(Nanowerk News) Here we sit, located on earth in the middle of the Milky Way galaxy. And here sits the Milky Way galaxy, having grown inside a great halo of dark matter
Dark matter is a strange thing: it does not interact with light, so it should really be called transparent matter, says Eric Bell, professor of astronomy at the University of Michigan.
But it makes up about 85% of matter in our universe and drives galaxy formation. To study it further, astronomers find and study really faint dwarf galaxies that should be embedded in less dark matter “subhalos”.
“One of the big reasons to study these little dwarf galaxies is to learn what small lumps of dark matter, or halos, would look like,” Bell said. “You can expect this to affect the properties of the faint galaxies.”
Bell and a team of scientists were looking for dwarf galaxies next to a nearby Milky Way galaxy called the M81. M81 slowly tears two smaller satellite galaxies, which means that its gravity pulls the two smaller galaxies, M82 and NGC 3077, into itself.
Bell expected to find the weakest galaxies so far identified outside the Milky Way or the Andromeda galaxies to be gathered around M81, the galaxy with the largest mass, then fewer around M82, and possibly one around NGC 3077. Instead, his group found that almost all of the the weakest galaxies cluster around NGC 3077.
The group found a definite galaxy – one of the weakest ever discovered outside the Milky Way and the Andromeda galaxy (M31) – and six more likely candidate galaxies. Bell will present the results at the June meeting of the American Astronomical Society.
“Six of the seven new galaxies and galaxy candidates are all clumps around this rather medium-sized galaxy. It is the third largest in the group, but for some reason it has almost all satellites, and we have no idea why,” says Bell. go back to our dark matter models and our galaxy formation models, they say in principle, ‘Bigger is more’. If I have a bigger galaxy with a bigger dark halo, it should have more little friends, and this system seems to be breaking that. ”
Galaxy formation models simulate how galaxies would grow from small fluctuations in dark matter early in the history of the universe to galaxies that we can observe today. Dark matter plays a crucial role – without it no galaxies could form at all, and even small changes in the behavior of dark matter change the predicted properties of galaxies, especially the weakest dwarf galaxies.
To search for these faint dwarf galaxies, astronomers used the Subaru’s Hyper Suprime-Cam, a digital camera the size of a small car sitting on top of the Subaru telescope in Hawaii. With this camera, astronomers were able to take incredibly sensitive images that can detect light more than 100 million times fainter than the human eye can see.
These galaxies are very diffuse, but Subaru is sensitive enough to detect the brightest few stars in that galaxy. Bell and his colleagues find these galaxies by looking for clumps of these faint stars. For every star they see, they expect there to be a few thousand weaker stars.
“So these galaxies have between 50,000 and 200,000 stars,” Bell said, explaining that this seems to be a lot, but is 1 million times smaller than the number of stars in the Milky Way. “These people are really bad at being galaxies. They do their job – make stars – awful. You would not hire them to be a galaxy.”
Bell says it has been a puzzle to find these faint galaxies near the smaller satellite galaxy.

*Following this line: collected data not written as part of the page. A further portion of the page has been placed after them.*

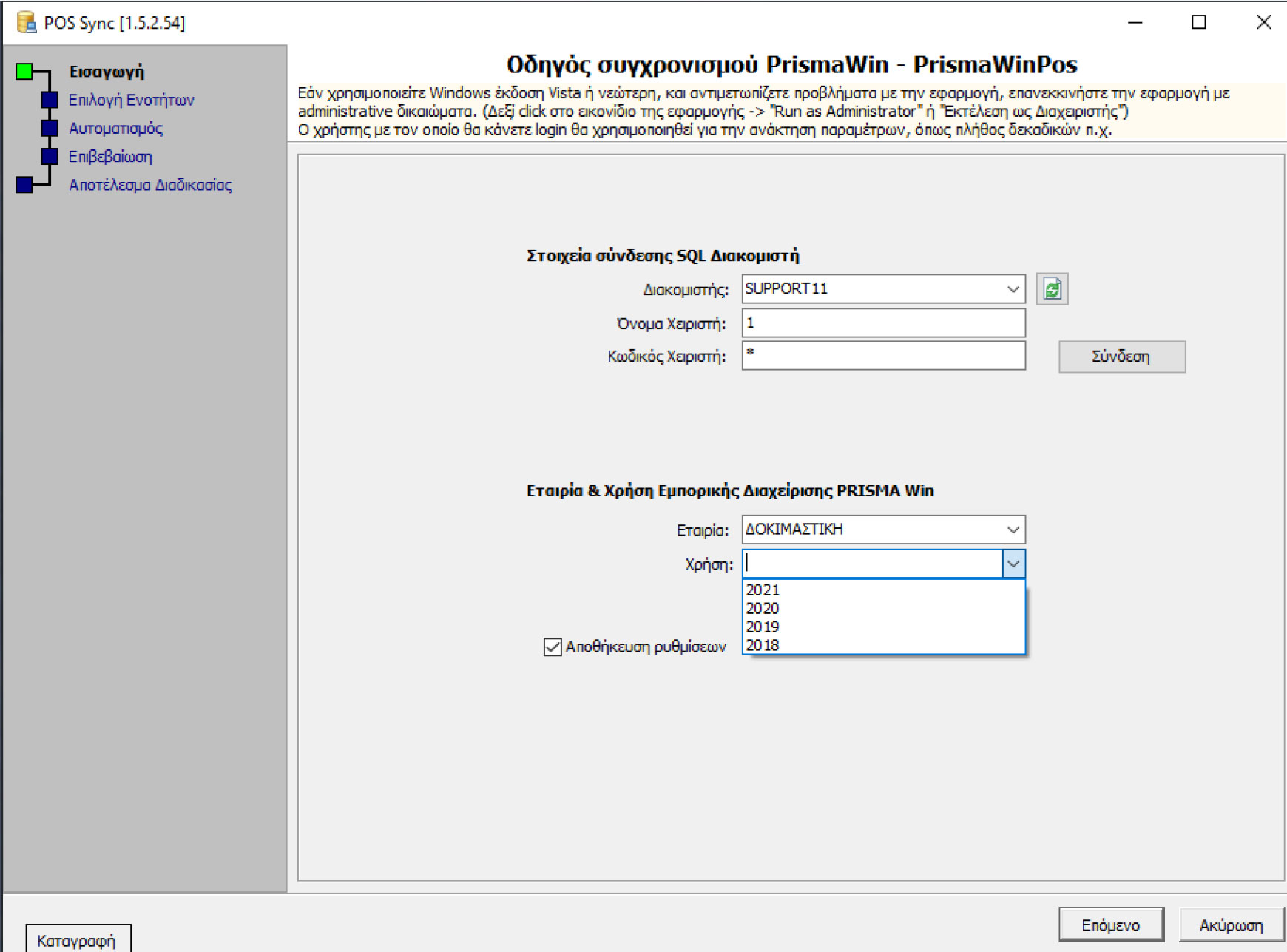 χρήση 2021. Αφού ολοκληρωθεί η διαδικασία της ενημέρωσης ξανατρέχετε το POS Sync και επιλέγετε τη νέα χρήση 2022.
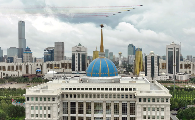 Президент Касым-Жомарт Токаев лично встретил кортеж председателя КНР Си Цзиньпина. В честь высокого гостя перед президентским дворцом пролетели истребители Сил воздушной обороны Республики Казахстан, оставив за собой красный и желтый след – цвета флага Китая.
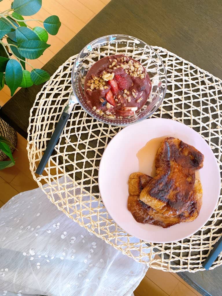 朝ごはんは、ハワイアンモーニングが大好きでフレンチトーストやアサイーボウルをよく食べます♪
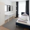 Die Wohnung verfügt über drei separate Schlafzimmer, jeweils möbliert mit komfortablen Betten, Kleiderschränken und Arbeitsbereichen.
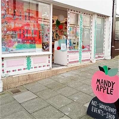 "Mandy Apple is an art gallery, independent shop and studios run by Mandy Apple Collective. Mandy Apple Collective is a Scarborough Based art collective with the goal of bringing more public art, skill sharing and weirdness to the Yorkshire Coast."
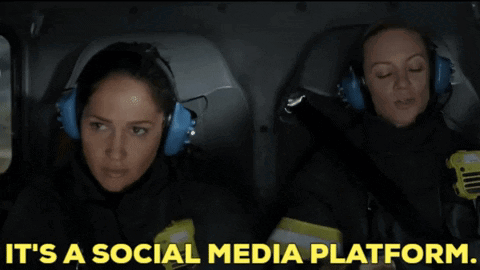 Station 19's Maya Bishop and another woman in a vehicle, with the text 'It's a social media platform.'
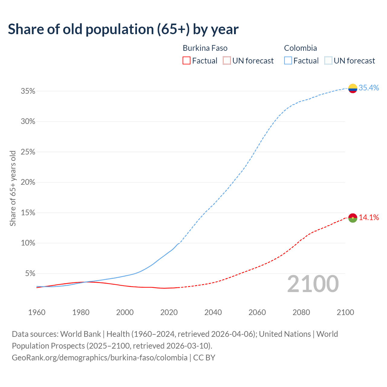 The share of older people aged 65 and over is 2.65% in Burkina Faso and 9.78% in Colombia. Life expectancy in Burkina Faso compared to Colombia .
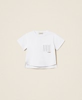 T-shirt pour fille en jersey de coton stretch avec poche plaquée rehaussée de cabochons ton sur ton. Il présente une encolure ras-du-cou, des manches courtes, des fentes latérales, un bas asymétrique plus long dans le dos et une coupe regular.
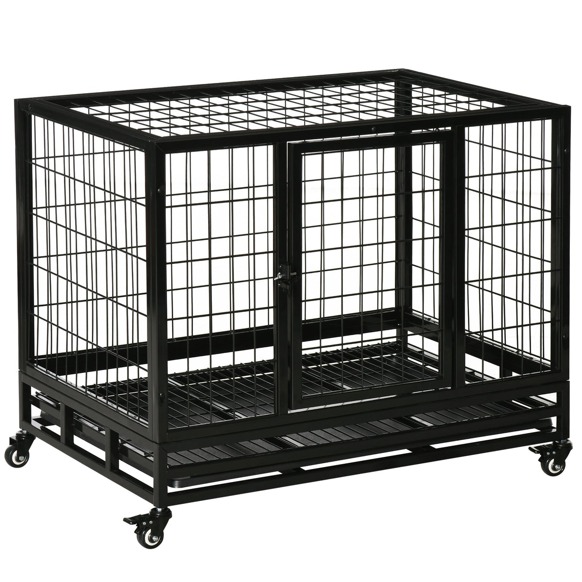 PawHut 36" Heavy Duty Metal Dog Crate Pet Cage with Tray Wheeled Dog Kennel - Black (Medium) - Black
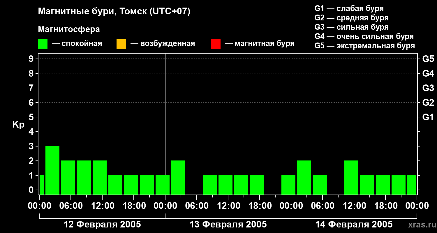 Магнитные бури в Томске — 14 февраля 2005 года
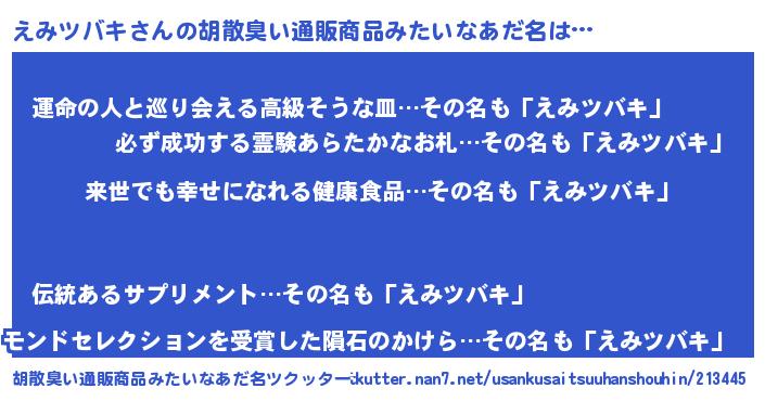 | 意味不明あだ名 | 『永久保存えみツバキ』 |
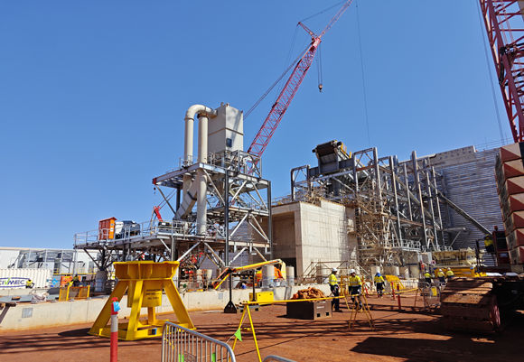 在位于皮尔巴拉地区的哈默斯利山脉上,一座24米高的初级破碎机正在紧张的搭建过程中。它的用途是将运送至此的铁矿石进行破碎,由直径1米加工为直径25厘米以下,并装入铁矿石传送带中,运往18公里外的次级破碎机进一步加工。
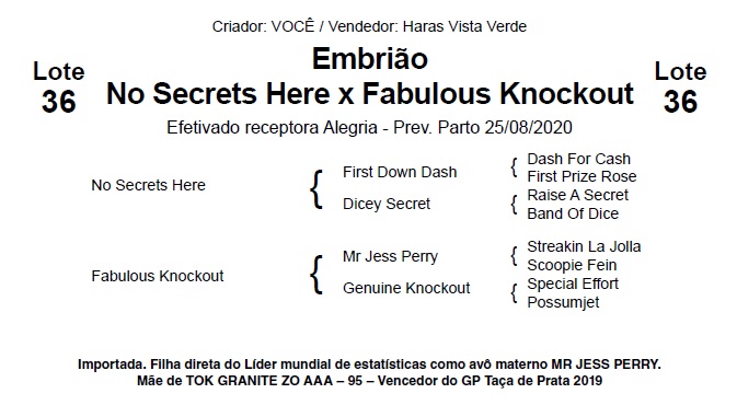 LOTE # 36 Embriào de FABULOUS KNOCKOUT x NO SECRETS HERE

“Our models predict that larger galaxies should have more weak galaxies, but they do not. Or maybe they do at all, but there are some exceptions and we just happened to take a picture of a strange one,” he says. But the models do not particularly expect that kind of variation. What that means is that there is something interesting about how galaxies form and survive in small dark matter halos that we do not understand. ”
Astronomers have some theories as to why these faint dwarf galaxies can be found near smaller galaxies rather than large ones, although Bell says the theories are not entirely satisfactory. One possibility may be that the gravity of a large galaxy can tear apart small galaxies more efficiently than previously thought.
“If I’m next to a big guy, the big guy will pull harder on one side of me than the other, and so I’ll be undressed,” Bell said.
This effect has been taken into account in mathematical models of how these weak galaxies should act close to larger companions. But, Bell explains, the models may not have incorporated enough of this effect – as if a satellite is closer to the larger galaxy than previously estimated – from the gravitational force, called tides, from the larger galaxy.
Another possibility could be that large galaxies such as the Milky Way do something with their surroundings that prevent small galaxies from even forming to begin with. Galaxies heat up the surrounding gas, and it is possible that this process is stronger than current models predict.
“It’s possible. I do not really like any of the ideas, but we will test them in our models for galaxy formation,” Bell said.
He says that his results raise more questions than answers, but that these are exciting questions to think about.
“It could be that these weak galaxies are not formed around big guys, but around smaller, medium-sized guys. Or it could be that they do not survive around big guys, but do around little guys,” he said. means we have something wrong with the formation and survival of these things – or a misunderstanding about how galaxies are formed or survive. ”
Bell and his team have applied for telescope time on the Hubble Space Telescope, which should give them even clearer images of these faint galaxies – and a chance to solve some of these problems.